The aim of the automated, diagnostic pipeline is to identify a few, potentially causative candidate variants, from the millions in a whole genome, through removal of extremely unlikely candidates (filtering) and identification of the most likely in the remainder (prioritization). This allows the GMCs to efficiently perform manual, clinical interpretation and issue a diagnostic report. The virtual panel-based pipeline identified 322 (66%) of the 490 SNV/indel-based diagnoses from the genomes, with a high positive predictive value given the millions of variants in the whole genomes: of 1041 of returned candidate variants, 291 (28%) proved to be diagnostic. We re-ran this analysis in December 2019 to assess the impact of using updated versions of the virtual panels containing the latest disease gene discoveries, improved virtual panel selection based on the patient’s phenotype and advances in variant filtering strategies, e.g. allowing for incomplete penetrance where suspected. This increased the number of genetic diagnoses detected from 322 to 377 (77%) with a positive predictive value of 15% (Figure 2d), demonstrating effective filtering and prioritization of the variants with only a median of 1 (IQR 0-2) candidate variant in panels returned to the clinicians at the GMCs per case (Table 3). Ongoing evolution of the virtual panels with new disease genes is expected to continue increasing the yield from this approach. Phenotype-based prioritization using Exomiser detected 77%, 86%, and 88% of these diagnoses in the top, top 3 and top 5 ranked candidates respectively (Figure 2d). Exomiser and use of virtual panels were complementary, with 92% of these diagnoses re-called when used combined (last blue bar in Figure 2d). Precision phenotyping of our patients was essential both for Exomiser and for the selection of additional virtual panels, without which only 54% of these diagnoses would have been prioritized in the recruited disease virtual panel and presented to the GMCs as a likely candidate (first blue bar in Figure 2d).

Research-based Diagnoses

14% of the genetic diagnoses required research outside the diagnostic pipeline (Figure 1).
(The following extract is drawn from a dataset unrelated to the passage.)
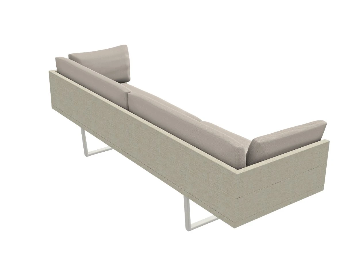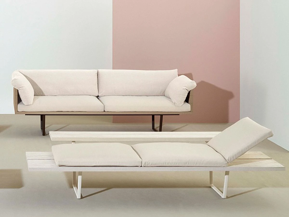 Orizon sofa has well-defined compact volumes that create a soft space to accommodate your body in maximum comfort. Soft cushions act as seat and backrest inside a geometric aluminium shell. The structure simulates the shape and grain of natural wood planks and, in some versions of the Orizon Sofa, even the colour of the material itself. If you prefer the NaturAll finish, you can combine the neutral tone of the wood with the uniform colour of the feet, otherwise you can choose to have the whole structure in a single colour. The merit of Orizon Sofa is the high possibility of customisation, guaranteeing resistance and quality of the aluminium worked by skilled Italian craftsmen.

This research involved comparisons with the genome sequences and clinical data in our research environment, with validation using wet bench orthogonal tests and in-silico approaches (Table S7 in the Supplementary Appendix). Additional diagnoses were made by screening for the presence of de novo variants in highly constrained coding regions[16]. These diagnoses included a de novo EBF3 missense variant in a patient with hereditary ataxia. Mitochondrial genome analysis, taking into account heteroplasmy, detected 4 new diagnoses as well as the 9 that had already been detected by the main pipeline). Twelve probands had intronic splicing variants prioritized by Exomiser due to the known pathogenic status of these variants in ClinVar.[23] Nine novel non-coding diagnoses involving previously undescribed variants required exploration of the whole genome and in vitro functional validation via reverse transcription polymerase chain reaction, mini-gene, or luciferase assays.[24,25,26] Here, unsolved probands were queried for non-coding variants affecting genes in the applied virtual panels, either alone, or in compound heterozygosity with loss-of-function variants. These were identified using either Genomiser or, for retinal disorder probands, systematic analysis of the untranslated regions, promoter or introns. A further 43 probands were fully or partially explained by structural variants or simple tandem repeat expansions in the genes HTT or FXN in probands with hereditary spastic paraplegia.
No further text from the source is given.